No começo de abril de 2019, o presidente do Ibama (Instituto Brasileiro do Meio Ambiente e dos Recursos Renováveis), Eduardo Fortunato Bim, autorizou o leilão de blocos de áreas para exploração de petróleo próximo à sensível região de Abrolhos.

Durante a pesquisa de Marília, ela não havia colocado petróleo como possível impacto ambiental para a área, dado que essa não era uma preocupação iminente à época. Isso, porque a área contempla o Parque Nacional Marinho de Abrolhos, sendo uma Unidade de Conservação (UC) que protege a maior biodiversidade marinha do Brasil e do Atlântico Sul. Outras UCs de uso sustentável que visam preservar os meios de vida e a cultura tradicionais, também estão presentes na região, como por exemplo a Reserva Extrativista de Cassurubá e a Reserva Extrativista Marinha do Corumbau.

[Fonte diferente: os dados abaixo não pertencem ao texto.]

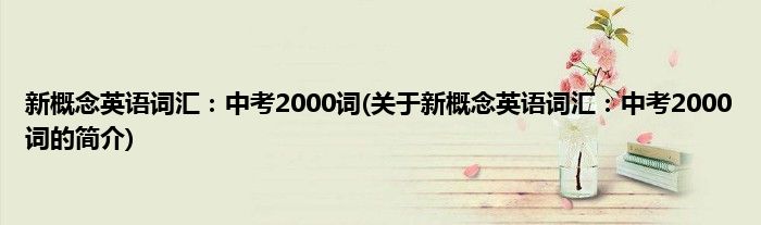 本文关于新概念英语词汇:中考2000词的简介就讲解完毕,希望对大家有所帮助。

“O efeito potencial de destruição de uma exploração de petróleo nessa região seria muito grande. Esse tipo de comparativo, que pode ameaçar a biodiversidade, vai necessitar de atualização contínua”, alerta Previero.

A autorização de leilão para exploração de petróleo pode trazer vários riscos para a região de maior biodiversidade marítima brasileira e do Atlântico Sul. Imagem: Wikimedia Commons.

Segundo a pesquisadora do IO, essas ameaças externas ao ambiente com poder destrutivo precisam ser muito bem manejadas, pois há muitos esforços pensando em proibir a pesca e poucos esforços para outras atividades em uma escala muito maior e sem reparação de curta e média escala. “Um exemplo seria esse possível empreendimento de petróleo e as consequências de algum erro ou falha futura”.

O leilão tem previsão para acontecer em outubro deste ano. E, mesmo que o próprio Ibama tenha dado um parecer técnico que pedia a não inclusão dessas áreas no leilão, foi decidido o contrário pela presidência. Isso acende um alerta, apesar de que o quadro ainda pode ser revertido.

“Precisamos de medidas que controlem atividades com potencial destrutivo ou com impactos negativos ao ambiente”, finaliza Marília Previero.